Tuttissanti

Lucio guarda davanti a sé. Fisso. C’è un ragazzo, Christian Russo. Uno dei tantissimi che gli sono passati davanti per essere selezionati. Christian è ben messo, “muscoloso, spalle larghe”. Ma ha i denti ingialliti e i segni dell’acne giovanile sul viso. Ha un problema con l’asma. Dovrebbe scartarlo. Con la salute non si scherza. Eppure Lucio, il manager più acclamato dai vip, il novello dio della mondanità, scorge “qualcosa” negli occhi di Christian. Sarà la voglia di riscatto, la voglia di andar via, il più lontano possibile da Maddaloni, di diventare “famoso”, sarà che ad un tratto a Lucio viene in mente la sua, di infanzia. Povera ma non infelice. Ma ormai è acqua passata. Ora è il re. Si trastulla con la sua corte di ragazzi bellissimi in giro per l’Italia: Milano, Cortina, Porto Rotondo, di villa in villa, di festa in festa, di evento in evento. Ama svegliarsi per ultimo. Guardarli lì, che lo attendono. Si prende cura di loro. Crea i nuovi vip. È il demiurgo delle fantasie degli italiani. Da a loro ciò che desiderano. È il re delle feste, il più invidiato, l’uomo di cui tutti cercano il consenso. Christian diverrà il suo nuovo pupillo, la sua ultima marionetta. Perché presto o tardi, tutto è destinato a finire, a dissolversi…

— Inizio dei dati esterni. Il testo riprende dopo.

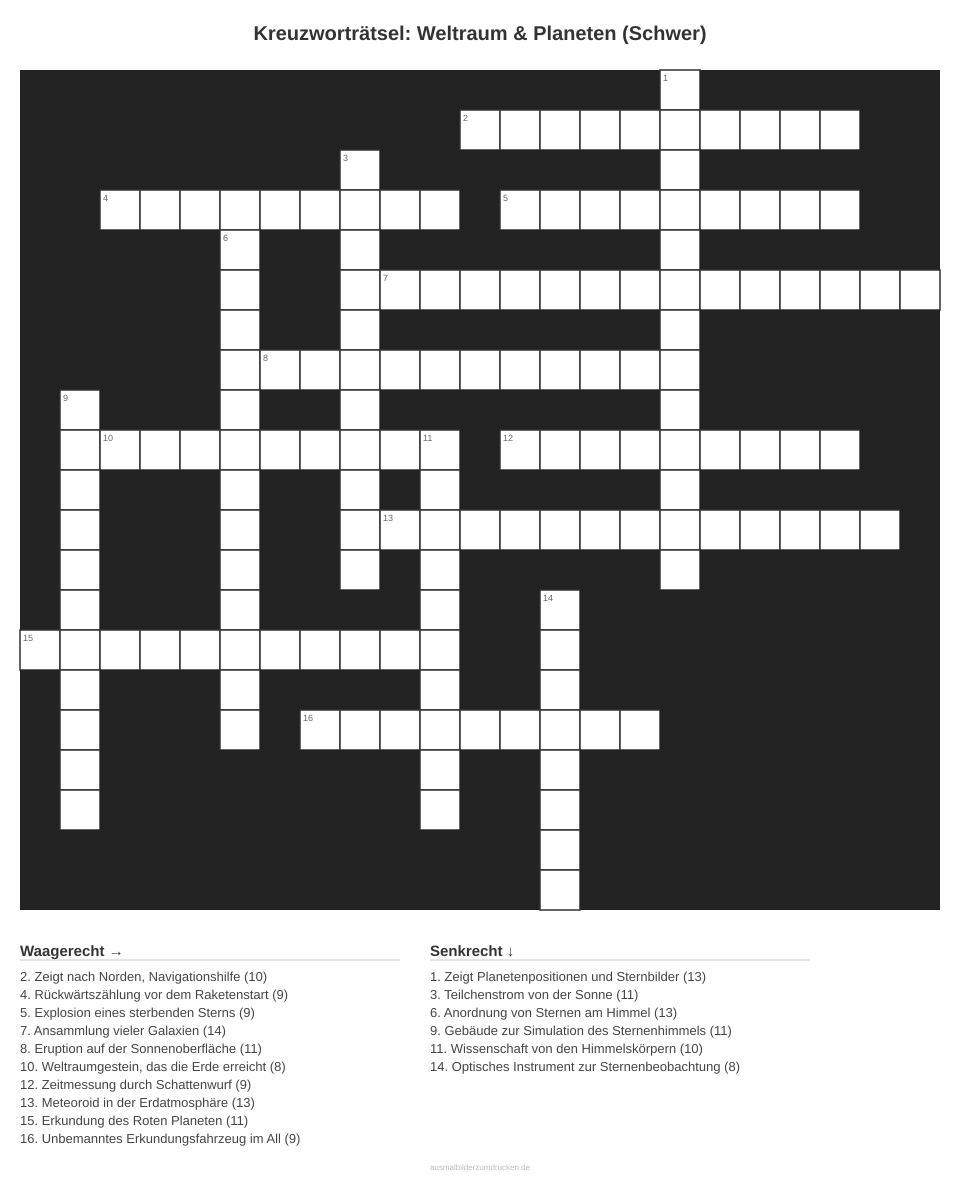 Kreuzworträtsel: Weltraum & Planeten (Schwer)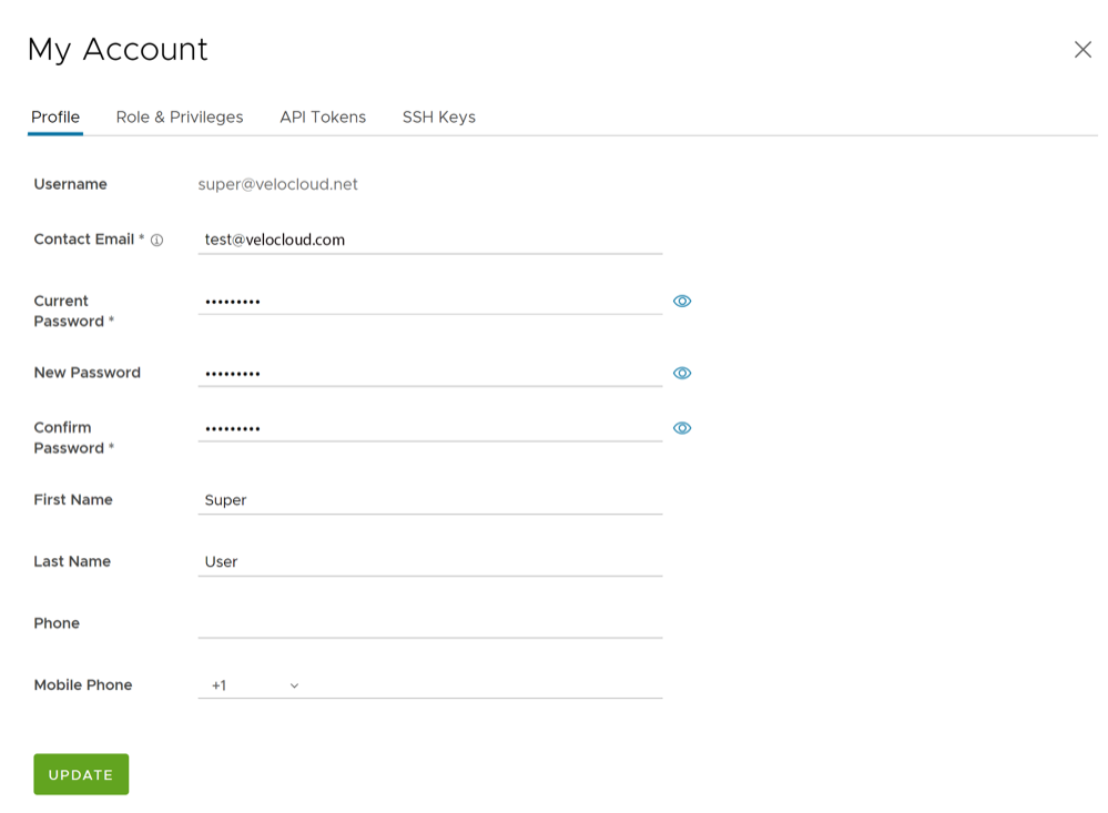 • Operator Super users can manage SSH keys of other Operator users, Partner users, and Enterprise users, if the Partner user and Enterprise user have delegated user permissions to the Operator.

Teresa Ciabatti, già autrice del bel romanzo Il mio paradiso è deserto, collaboratrice della rivista “Io Donna”, si cimenta in un romanzo breve, essenziale, un frammento perfetto della realtà del nostro Paese. Un Paese in cui i “vip” sono creati ad arte, per un pubblico di telespettatori che li divora, li cannibalizza. Il desiderio della maggior parte dei giovani è quello di far carriera in tv, di “diventare qualcuno”, un “tronista”, una “velina”: carne da macello per il mondo spietato dello spettacolo, per il mondo trash della tv. La scrittura è asciutta, paratattica, lo stile allo stesso tempo raffinato, la narrazione incalzante, senza tempi morti. Ogni singola frase ha il suo peso specifico, la sua importanza, non c’è nulla che possa ritenersi superfluo. L’autrice disegna i suoi personaggi, li plasma, li modella, tanto che il distacco tra la letteratura e la realtà diventa un gap infinitesimale. La Ciabatti non dà giudizi morali. Troppo facile. Lascia che sia il lettore a giudicare. La lettura ci lascia l’amaro in bocca. È questo quello che siamo diventati? Questo il mondo dei Corona e dei Lele Mora? Questo quello che desideriamo davvero? Tuttissanti dovrebbe essere letto dai più giovani, dovrebbe esser letto da chi realmente crede che la tv trash sia l’unico orizzonte possibile per esprimere se stessi. Tuttissanti fa male. Malissimo. Ma del resto è anche questo quello che uno scrittore deve saper fare. E Teresa Ciabatti è di certo una delle penne più talentuose in Italia.